▶ **Source material**:
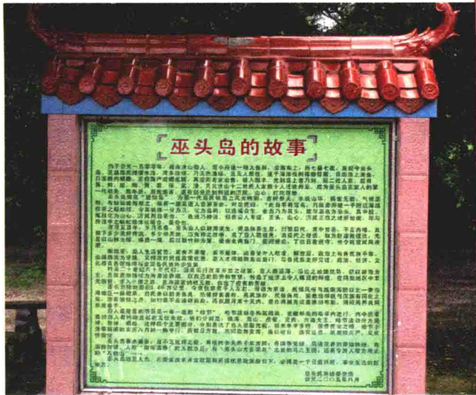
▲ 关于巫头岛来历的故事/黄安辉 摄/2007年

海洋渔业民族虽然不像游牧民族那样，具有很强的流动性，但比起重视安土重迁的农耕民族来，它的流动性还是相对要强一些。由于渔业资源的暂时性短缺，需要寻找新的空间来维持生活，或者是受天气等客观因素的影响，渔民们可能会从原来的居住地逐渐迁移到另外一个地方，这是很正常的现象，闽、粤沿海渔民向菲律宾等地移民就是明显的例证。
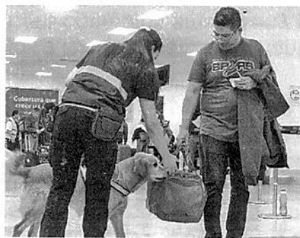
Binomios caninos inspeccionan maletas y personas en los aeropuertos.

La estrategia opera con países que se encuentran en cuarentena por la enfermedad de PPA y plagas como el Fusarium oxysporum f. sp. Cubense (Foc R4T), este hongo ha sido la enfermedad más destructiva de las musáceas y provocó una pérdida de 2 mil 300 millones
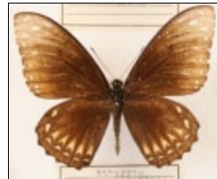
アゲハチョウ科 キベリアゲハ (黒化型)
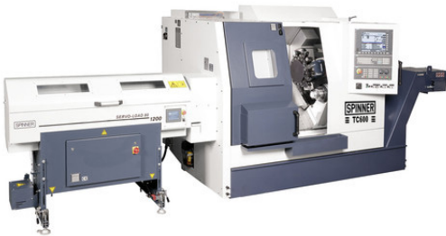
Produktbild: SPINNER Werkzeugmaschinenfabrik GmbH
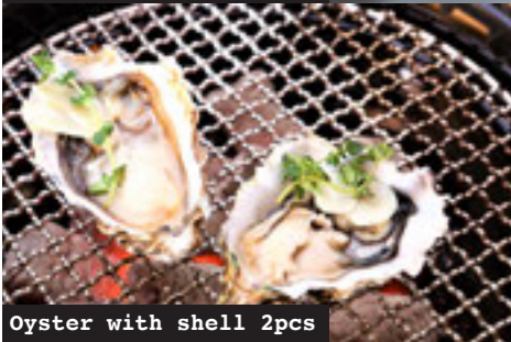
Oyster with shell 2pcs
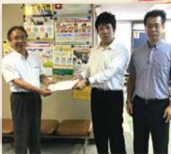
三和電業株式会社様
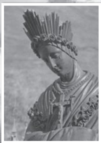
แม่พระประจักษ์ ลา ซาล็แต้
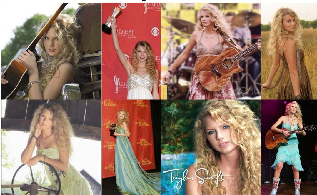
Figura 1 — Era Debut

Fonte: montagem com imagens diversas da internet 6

▶ **What needs to be done**:
Pictures aside, reproduce all of the material above without alteration.

▶ **Answer space**:
▲ 关于巫头岛来历的故事/黄安辉 摄/2007年

海洋渔业民族虽然不像游牧民族那样，具有很强的流动性，但比起重视安土重迁的农耕民族来，它的流动性还是相对要强一些。由于渔业资源的暂时性短缺，需要寻找新的空间来维持生活，或者是受天气等客观因素的影响，渔民们可能会从原来的居住地逐渐迁移到另外一个地方，这是很正常的现象，闽、粤沿海渔民向菲律宾等地移民就是明显的例证。
Binomios caninos inspeccionan maletas y personas en los aeropuertos.

La estrategia opera con países que se encuentran en cuarentena por la enfermedad de PPA y plagas como el Fusarium oxysporum f. sp. Cubense (Foc R4T), este hongo ha sido la enfermedad más destructiva de las musáceas y provocó una pérdida de 2 mil 300 millones
アゲハチョウ科 キベリアゲハ (黒化型)
Produktbild: SPINNER Werkzeugmaschinenfabrik GmbH
Oyster with shell 2pcs
三和電業株式会社様
แม่พระประจักษ์ ลา ซาล็แต้
Figura 1 — Era Debut

Fonte: montagem com imagens diversas da internet 6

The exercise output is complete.